Catégorie :Revue de presse

Coupe du monde Aussois 2019

Cet été, la saison de ski-alpinisme commençait très tôt en comparaison avec les autres années. La première coupe du monde avait déjà lieu les 20-21 décembre à Aussois, en France. Au programme, une course individuelle le vendredi et un sprint le samedi.

Je me réjouissais de prendre part à ces épreuves car les sensations les jours précédents étaient excellente.

Le vent, la neige et la pluie sont venus pimenter course individuelle. Dans le coup pour un podium Espoirs (U23) jusqu’au sommet de la avant-dernière montée, je perds bêtement du temps dans les transitions et dans la descente. Je terminerai à la 6e place chez les U23 et la 25e au général. Les sensations sont bonnes, mais le bon wagon est parti et je ne parviens pas à revenir. Point positif, mon niveau de forme est déjà excellent en ce début de saison.
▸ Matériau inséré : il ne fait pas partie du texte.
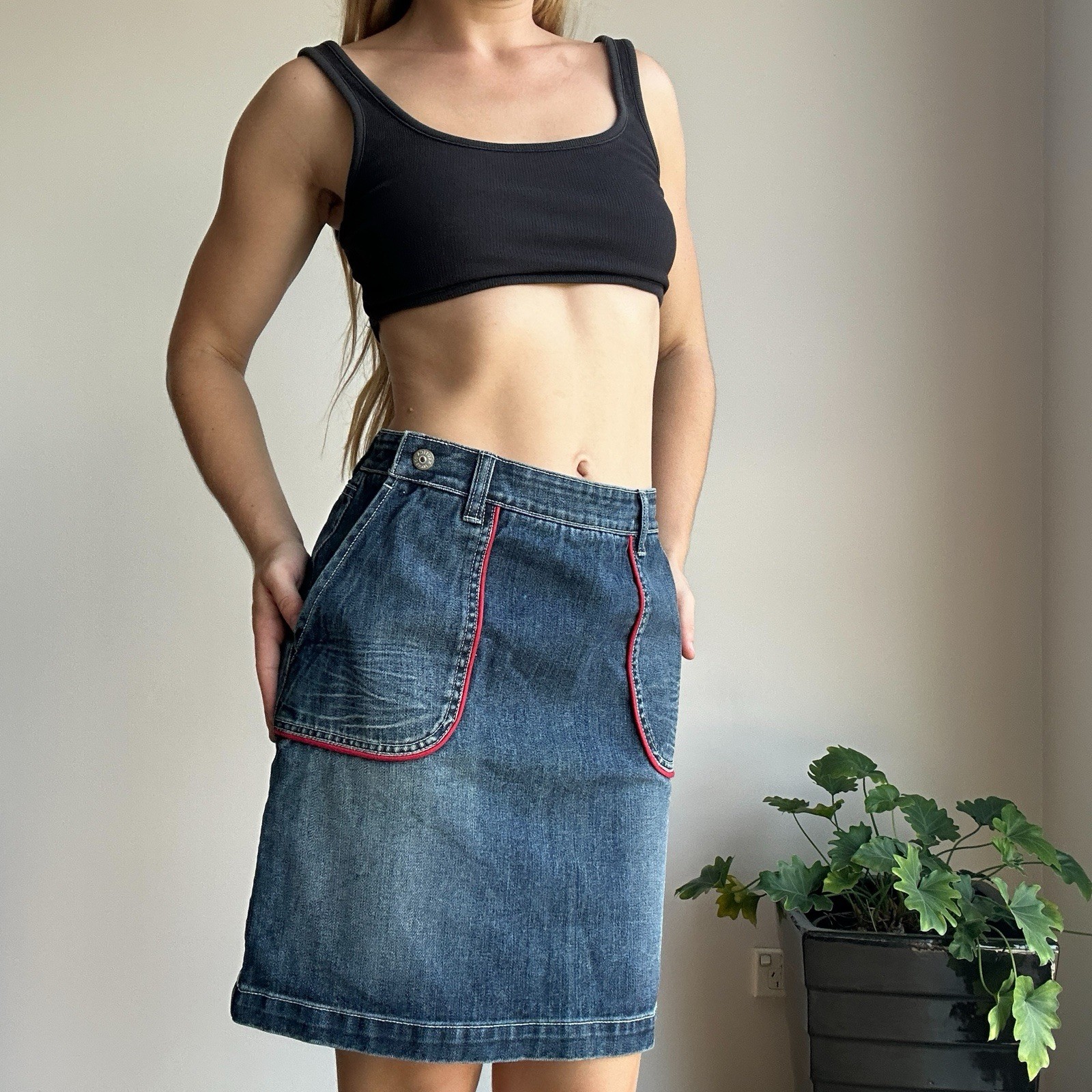 Glassons Womens Small Vintage Two Tone Denim Midi Skirt
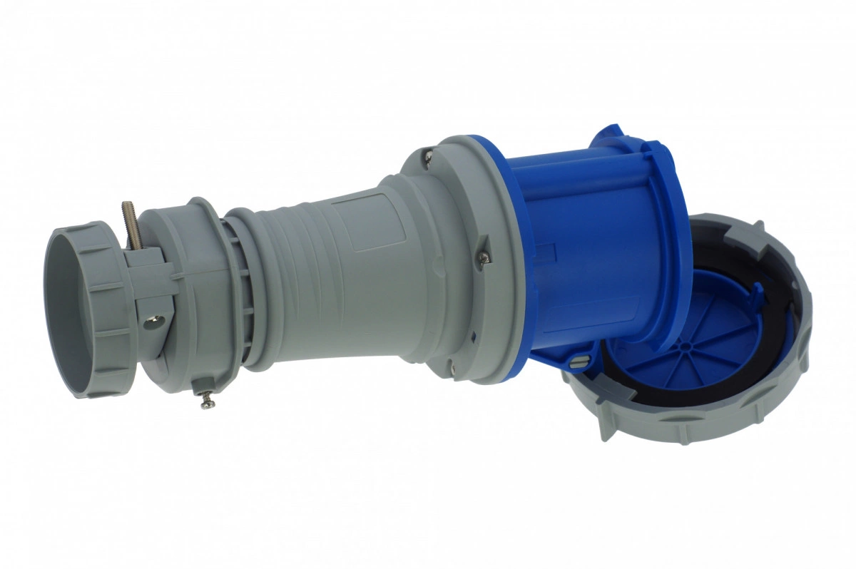 Розетка кабельная 63A/230V/1P+N+E/IP67, имеет винтовые контакты. Корпус выполнен из полиамида. Сальник с разгрузкой натяжения кабеля
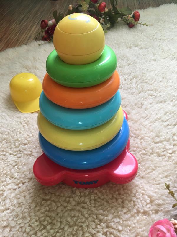 Піраміда от tomy / развивающаяся разноцветная пирамида с шариком погремушкой
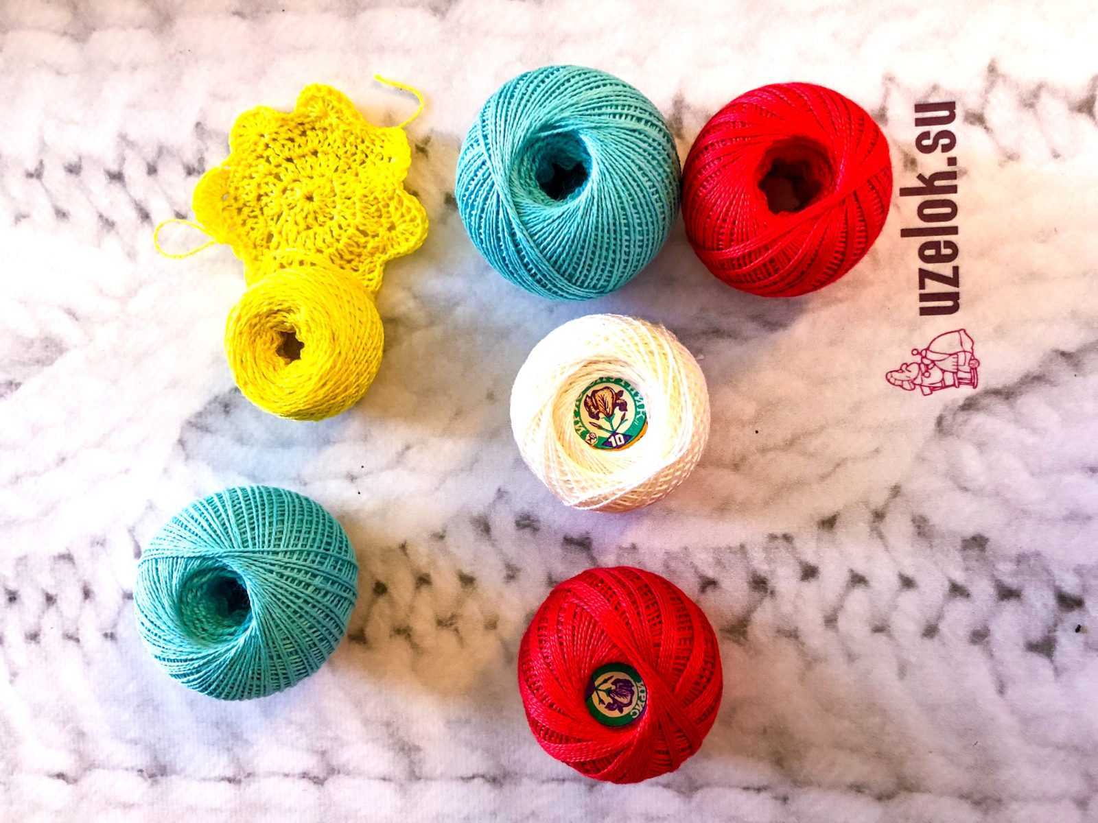 Небольшие диаметры предназначены для тонкой пряжи. Самая распространенная — ирис (еще с советских времен). Из нее вяжут салфетки, детскую одежду и множество летних вещей.
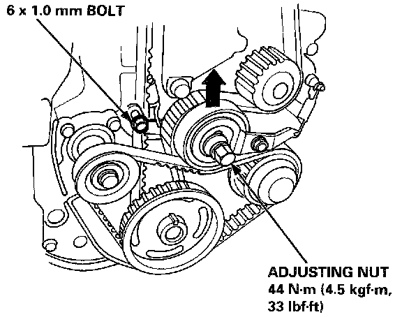 - Lock the timing belt adjuster arm in place by installing one of the 6 x 1.0 mm bolts.
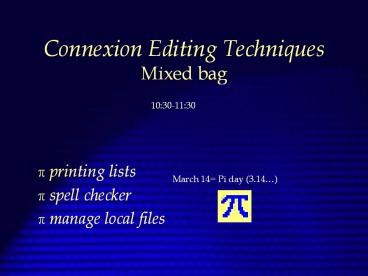 Title: Connexion Editing Techniques Mixed bag
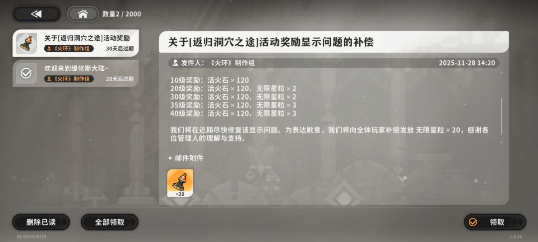 那个40级领40抽的福利官方亲自澄清了是显示错误。实际上是40级10抽。我补个图吧。另外邮件补偿了20抽,也就是说总共30抽,比我一开始说的还减了10抽。官方牛b,这评分还是太高了。
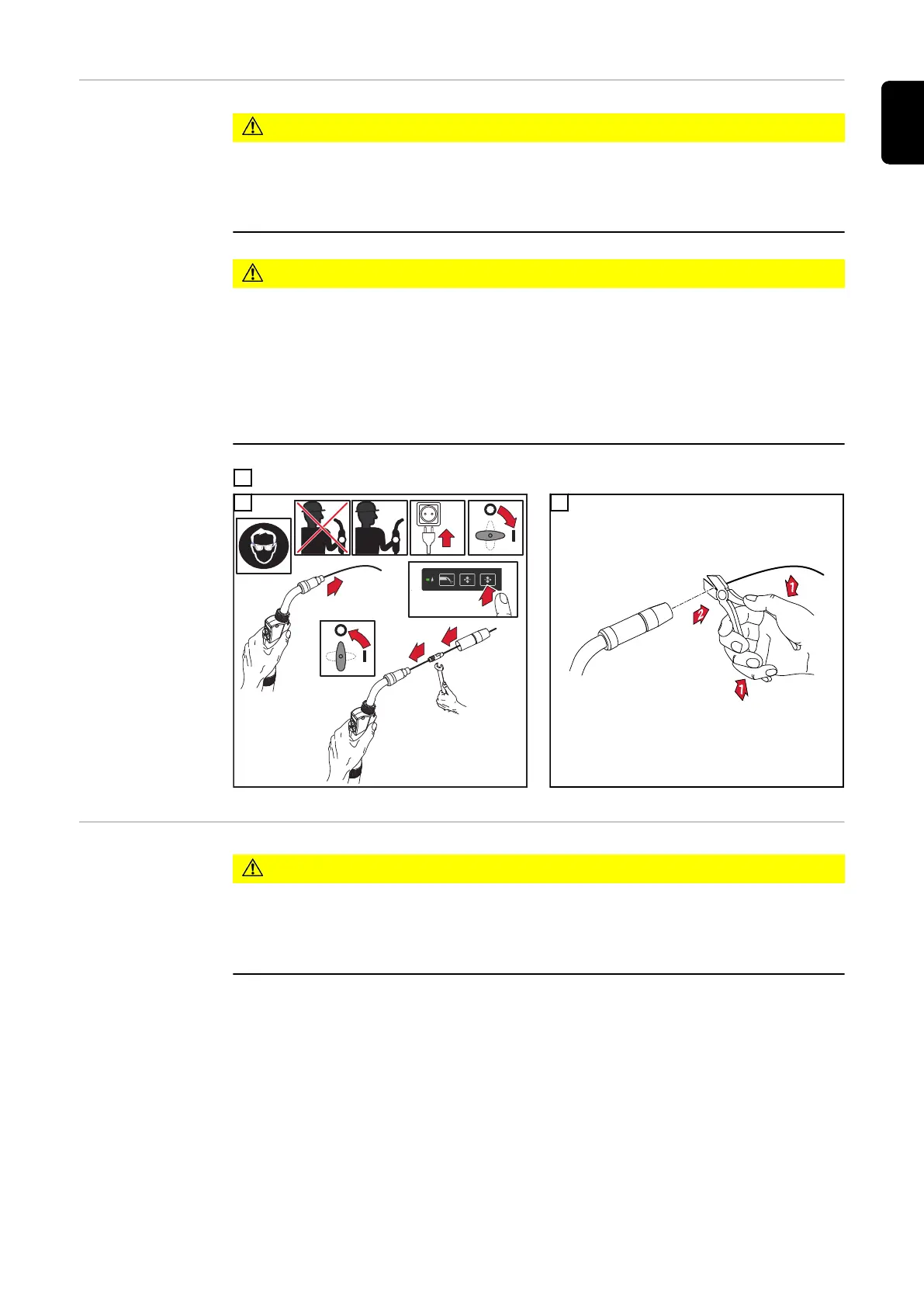 Danger from welding current and accidental ignition of an arc.
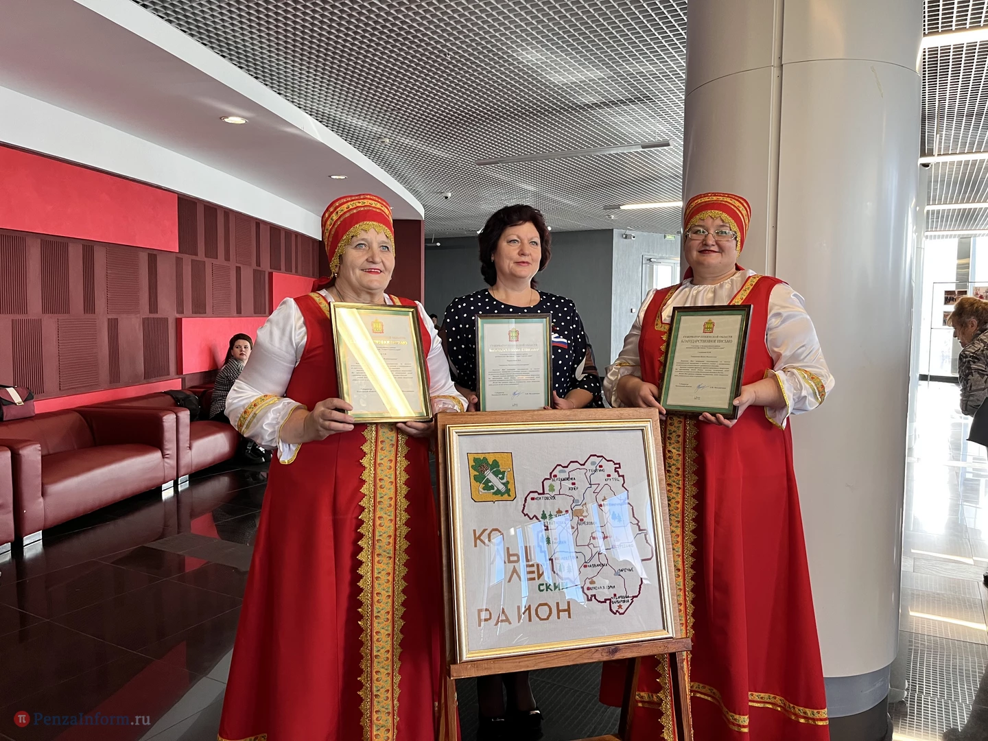 Здесь же открылась выставка «Узоры Сурского края», на которой презентовали вышитые карты муниципальных районов и городских округов Пензенской области. Этот проект объединил более 100 рукодельниц, работавших над вышивкой 32 карт.
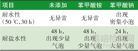表4 苯甲酸按與苯甲酸鈉對漆膜耐腐蝕性的影響

Le lendemain lors du sprint, je réalise une bonne qualification mais je sais que je peux encore aller plus vite. Je me réjouissais donc de participer aux quarts de finale, d’autant plus que dans mon quart se trouvent plusieurs autres espoirs et de précieuses places allaient se jouer. Malheureusement, j’ai été stoppé net dans mon élan car je connais une grosse chute dans la descente. Je parviens à me relever et à terminer la course en dernière position de mon quart. Mais une fois la ligne d’arrivée franchie, la douleur s’accentue et je comprends alors que quelque chose ne va pas. Je suis alors pris en charge par les secouristes, puis ambulanciers qui me conduisent dans une cabinet proche de la course pour y faire des radios. Les radios montrent une fracture de la malléole interne droite mais on me recommande de faire un scanner à mon retour en Suisse.

A l’hôpital de Sion, ce verdict fut confirmé et me voilà donc au repos forcé pour les deux prochains mois…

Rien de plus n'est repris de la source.